# INSTRUCTIONS FOR THE TASK
Without any pictures, print the lines below from the one that has "Merino Classic braun" through the one that has "I opted to get", exactly and nothing else.

# DATASET EXTRACT
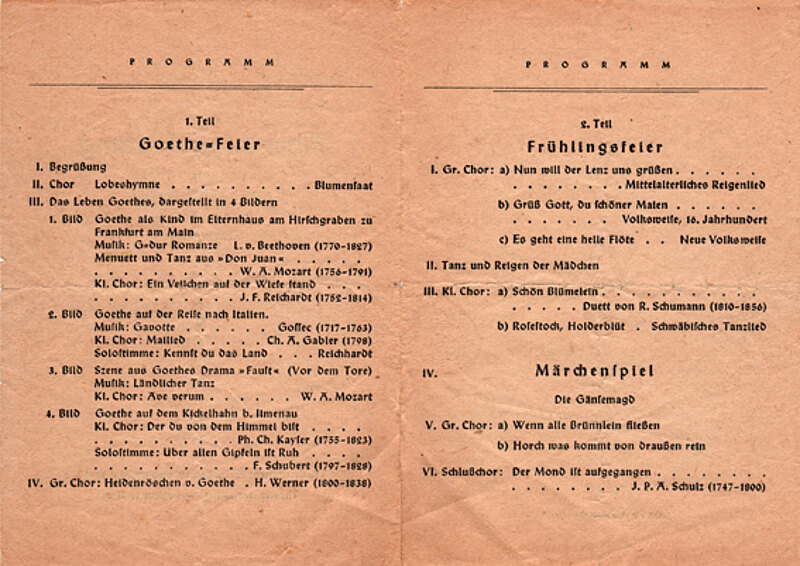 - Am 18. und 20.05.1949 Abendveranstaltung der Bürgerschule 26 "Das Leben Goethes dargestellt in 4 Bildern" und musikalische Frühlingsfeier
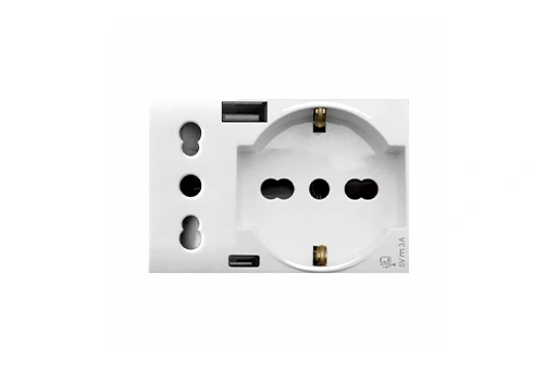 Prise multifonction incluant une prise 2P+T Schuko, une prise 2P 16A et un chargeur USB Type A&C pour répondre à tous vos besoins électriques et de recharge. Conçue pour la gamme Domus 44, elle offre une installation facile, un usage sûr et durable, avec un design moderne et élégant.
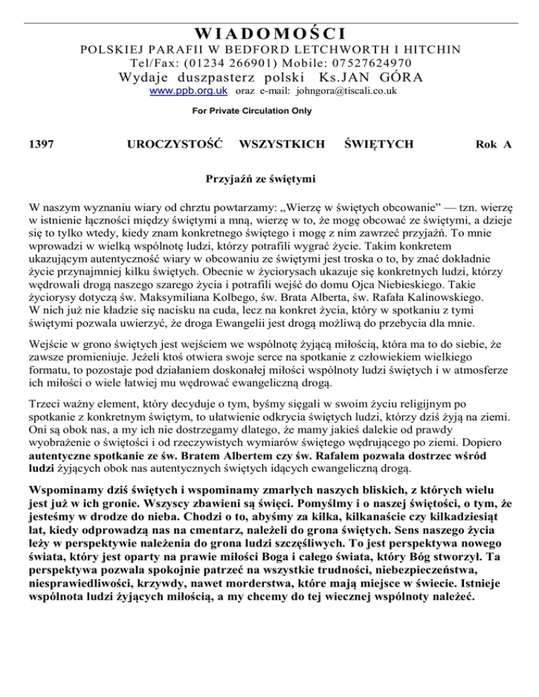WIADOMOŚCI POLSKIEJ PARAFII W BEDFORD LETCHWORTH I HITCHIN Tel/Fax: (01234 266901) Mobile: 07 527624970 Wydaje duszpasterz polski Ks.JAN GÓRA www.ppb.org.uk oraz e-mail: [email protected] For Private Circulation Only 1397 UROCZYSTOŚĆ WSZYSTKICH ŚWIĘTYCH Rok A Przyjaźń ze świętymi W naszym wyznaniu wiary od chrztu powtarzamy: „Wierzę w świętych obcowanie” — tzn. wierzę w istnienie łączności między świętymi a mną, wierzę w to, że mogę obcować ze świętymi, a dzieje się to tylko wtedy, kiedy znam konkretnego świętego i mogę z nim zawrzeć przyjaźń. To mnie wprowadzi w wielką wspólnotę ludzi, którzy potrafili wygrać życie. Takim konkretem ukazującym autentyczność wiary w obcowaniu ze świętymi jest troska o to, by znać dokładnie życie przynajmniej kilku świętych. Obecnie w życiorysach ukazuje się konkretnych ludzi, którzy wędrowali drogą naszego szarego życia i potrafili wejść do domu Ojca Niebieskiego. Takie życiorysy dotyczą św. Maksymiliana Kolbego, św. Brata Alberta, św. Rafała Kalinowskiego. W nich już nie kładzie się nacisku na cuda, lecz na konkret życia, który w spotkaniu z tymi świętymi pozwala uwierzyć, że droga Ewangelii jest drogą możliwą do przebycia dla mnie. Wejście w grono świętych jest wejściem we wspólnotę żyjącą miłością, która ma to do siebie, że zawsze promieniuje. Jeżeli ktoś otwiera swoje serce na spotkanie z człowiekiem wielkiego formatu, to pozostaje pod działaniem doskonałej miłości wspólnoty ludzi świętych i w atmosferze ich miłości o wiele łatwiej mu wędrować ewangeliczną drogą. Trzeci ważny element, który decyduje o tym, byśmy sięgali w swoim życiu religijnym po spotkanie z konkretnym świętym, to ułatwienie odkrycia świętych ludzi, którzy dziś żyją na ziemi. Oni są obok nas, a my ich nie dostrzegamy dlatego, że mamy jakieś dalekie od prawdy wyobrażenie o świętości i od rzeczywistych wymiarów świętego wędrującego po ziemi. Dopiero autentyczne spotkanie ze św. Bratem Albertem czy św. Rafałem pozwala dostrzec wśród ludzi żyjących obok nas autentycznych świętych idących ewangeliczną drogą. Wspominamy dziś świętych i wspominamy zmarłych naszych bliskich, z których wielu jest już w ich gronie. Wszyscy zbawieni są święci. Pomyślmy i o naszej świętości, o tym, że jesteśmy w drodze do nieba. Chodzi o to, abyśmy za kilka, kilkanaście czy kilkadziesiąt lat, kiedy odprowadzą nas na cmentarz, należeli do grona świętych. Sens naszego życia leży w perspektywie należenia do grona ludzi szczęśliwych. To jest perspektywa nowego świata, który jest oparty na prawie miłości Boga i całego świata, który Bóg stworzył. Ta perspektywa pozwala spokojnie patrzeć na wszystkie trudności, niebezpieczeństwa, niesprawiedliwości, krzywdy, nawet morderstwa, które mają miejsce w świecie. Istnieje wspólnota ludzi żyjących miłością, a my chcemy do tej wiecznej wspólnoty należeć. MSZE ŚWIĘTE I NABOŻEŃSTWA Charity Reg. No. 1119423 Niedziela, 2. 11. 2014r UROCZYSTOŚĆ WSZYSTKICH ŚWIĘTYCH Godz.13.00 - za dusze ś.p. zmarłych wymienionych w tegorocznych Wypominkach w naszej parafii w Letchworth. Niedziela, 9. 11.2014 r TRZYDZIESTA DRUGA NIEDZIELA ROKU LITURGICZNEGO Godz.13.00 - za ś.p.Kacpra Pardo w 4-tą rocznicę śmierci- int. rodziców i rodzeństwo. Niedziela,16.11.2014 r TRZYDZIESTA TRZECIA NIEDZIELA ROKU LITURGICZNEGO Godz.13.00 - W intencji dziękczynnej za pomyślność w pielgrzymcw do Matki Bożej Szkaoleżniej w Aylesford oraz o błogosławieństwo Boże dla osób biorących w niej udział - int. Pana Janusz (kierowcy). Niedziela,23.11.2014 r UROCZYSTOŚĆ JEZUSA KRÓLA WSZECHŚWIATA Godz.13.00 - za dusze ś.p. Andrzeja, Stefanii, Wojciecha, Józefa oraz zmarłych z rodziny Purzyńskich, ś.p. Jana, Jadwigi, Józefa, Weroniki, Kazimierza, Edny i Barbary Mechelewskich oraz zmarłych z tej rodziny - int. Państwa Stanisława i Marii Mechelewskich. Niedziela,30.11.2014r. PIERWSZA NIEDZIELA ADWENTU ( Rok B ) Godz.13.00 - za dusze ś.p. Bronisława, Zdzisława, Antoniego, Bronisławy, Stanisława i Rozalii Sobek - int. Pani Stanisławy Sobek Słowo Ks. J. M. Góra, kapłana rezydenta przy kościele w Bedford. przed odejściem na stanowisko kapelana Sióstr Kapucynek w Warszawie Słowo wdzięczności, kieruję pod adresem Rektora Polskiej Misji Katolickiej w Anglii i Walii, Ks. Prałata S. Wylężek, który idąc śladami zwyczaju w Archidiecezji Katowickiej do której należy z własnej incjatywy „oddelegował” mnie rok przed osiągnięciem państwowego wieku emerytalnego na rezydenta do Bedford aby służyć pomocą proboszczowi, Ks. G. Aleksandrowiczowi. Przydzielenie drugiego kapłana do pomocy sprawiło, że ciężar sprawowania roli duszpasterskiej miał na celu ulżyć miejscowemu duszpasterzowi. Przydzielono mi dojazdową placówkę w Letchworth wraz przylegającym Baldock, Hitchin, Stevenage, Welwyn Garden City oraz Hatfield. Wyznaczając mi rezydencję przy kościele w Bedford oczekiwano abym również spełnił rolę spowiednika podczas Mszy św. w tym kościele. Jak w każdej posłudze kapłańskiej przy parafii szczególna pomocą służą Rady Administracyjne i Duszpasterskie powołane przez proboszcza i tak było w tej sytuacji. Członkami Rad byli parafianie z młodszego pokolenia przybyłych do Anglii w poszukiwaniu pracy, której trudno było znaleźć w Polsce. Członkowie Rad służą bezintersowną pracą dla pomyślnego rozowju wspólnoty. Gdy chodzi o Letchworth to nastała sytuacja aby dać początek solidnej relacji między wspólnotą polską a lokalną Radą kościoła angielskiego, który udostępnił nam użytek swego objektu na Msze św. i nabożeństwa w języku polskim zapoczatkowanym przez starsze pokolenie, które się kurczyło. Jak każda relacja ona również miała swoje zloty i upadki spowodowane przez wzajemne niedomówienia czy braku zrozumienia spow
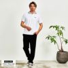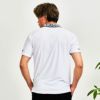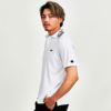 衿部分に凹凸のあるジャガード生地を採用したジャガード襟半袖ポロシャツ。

* * *

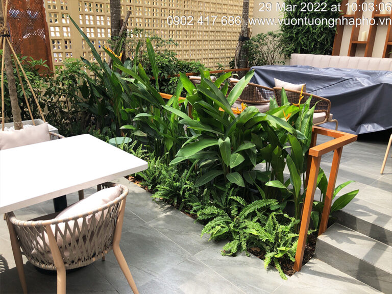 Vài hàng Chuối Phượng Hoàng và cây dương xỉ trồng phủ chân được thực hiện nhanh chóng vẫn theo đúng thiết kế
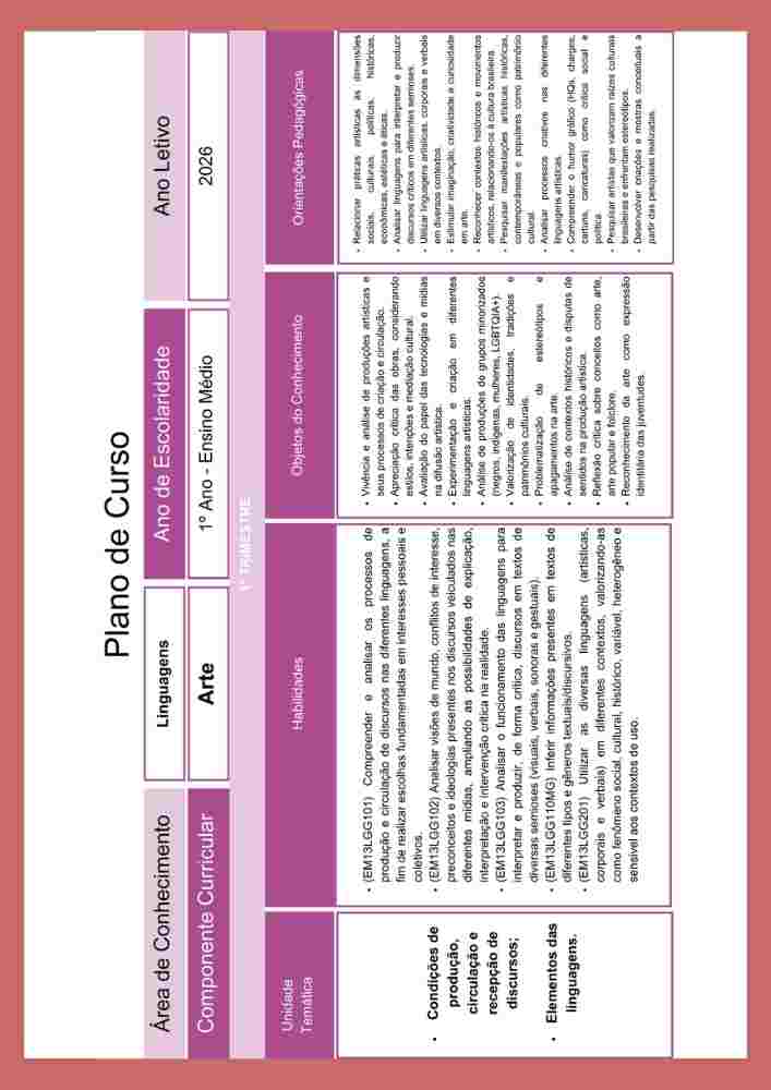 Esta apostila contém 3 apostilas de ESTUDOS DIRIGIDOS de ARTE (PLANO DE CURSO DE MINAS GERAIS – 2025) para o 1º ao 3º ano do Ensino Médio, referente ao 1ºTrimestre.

--

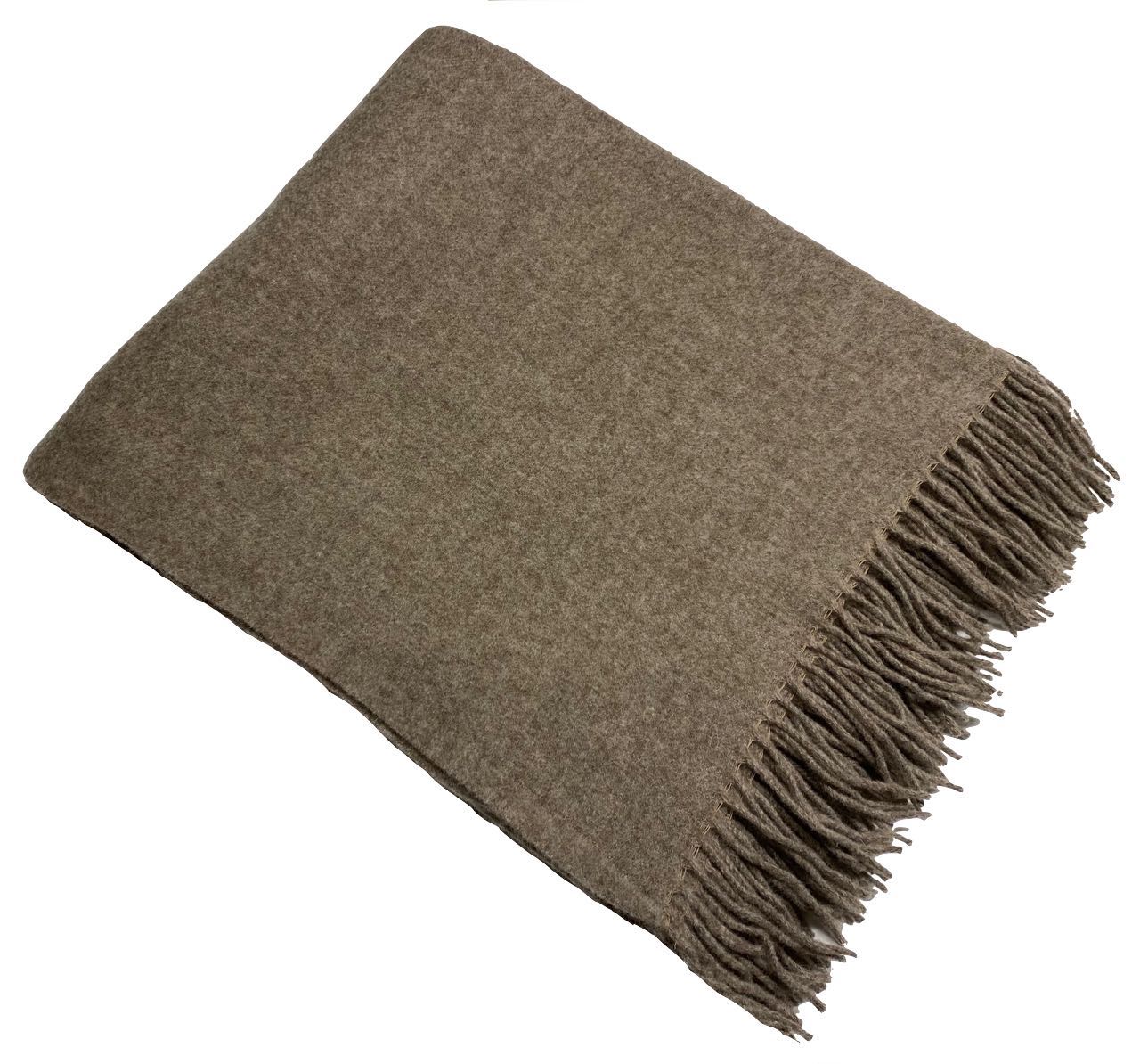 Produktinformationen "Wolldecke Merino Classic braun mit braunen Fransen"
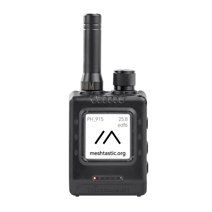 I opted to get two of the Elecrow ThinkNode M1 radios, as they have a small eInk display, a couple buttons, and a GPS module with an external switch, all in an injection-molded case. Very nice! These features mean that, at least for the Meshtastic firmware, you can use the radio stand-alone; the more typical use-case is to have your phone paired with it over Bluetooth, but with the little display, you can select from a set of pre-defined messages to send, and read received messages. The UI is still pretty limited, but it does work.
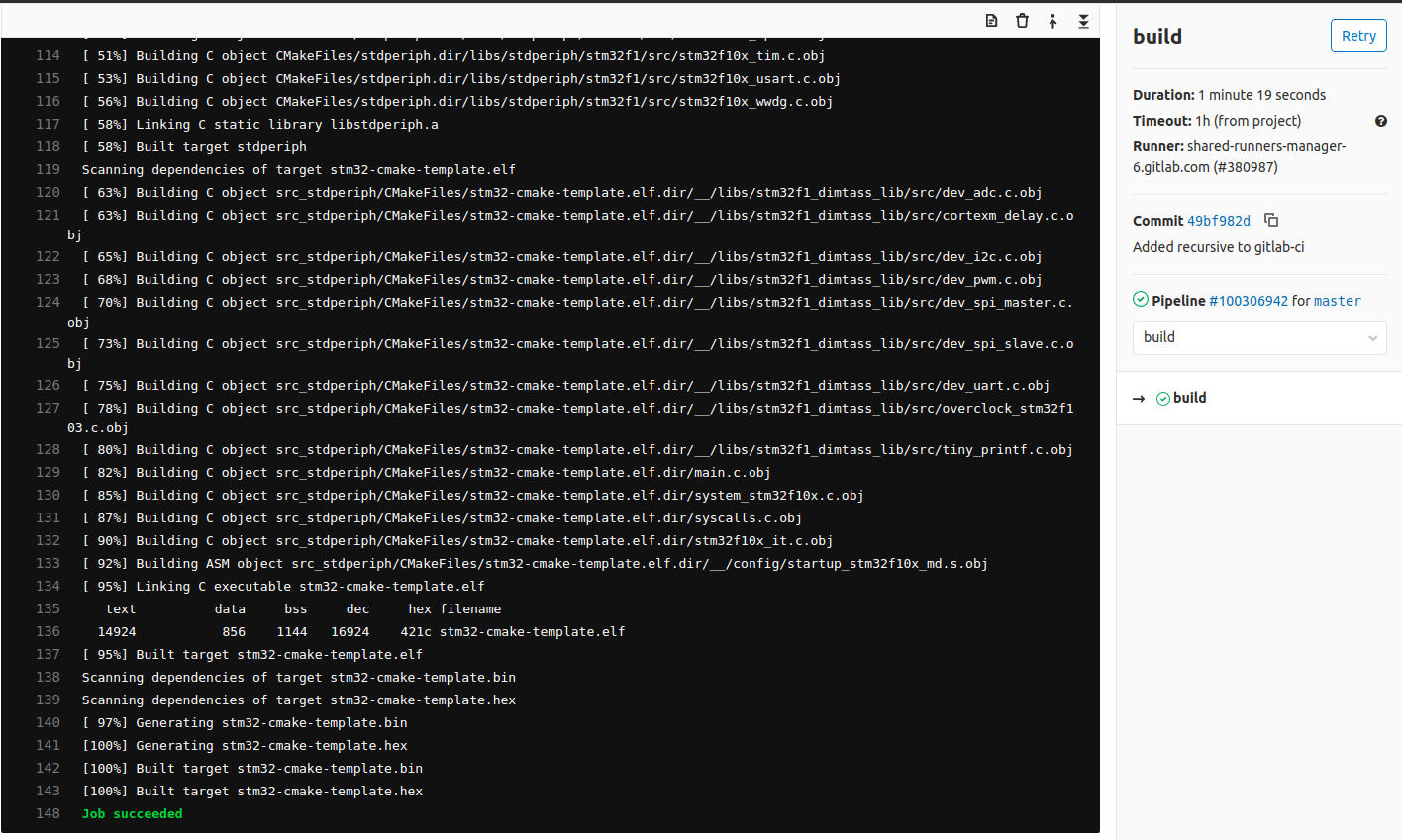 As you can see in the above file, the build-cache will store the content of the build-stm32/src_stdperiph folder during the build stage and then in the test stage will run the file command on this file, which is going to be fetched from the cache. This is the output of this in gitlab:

# ANSWER SECTION
 Produktinformationen "Wolldecke Merino Classic braun mit braunen Fransen"
 I opted to get two of the Elecrow ThinkNode M1 radios, as they have a small eInk display, a couple buttons, and a GPS module with an external switch, all in an injection-molded case. Very nice! These features mean that, at least for the Meshtastic firmware, you can use the radio stand-alone; the more typical use-case is to have your phone paired with it over Bluetooth, but with the little display, you can select from a set of pre-defined messages to send, and read received messages. The UI is still pretty limited, but it does work.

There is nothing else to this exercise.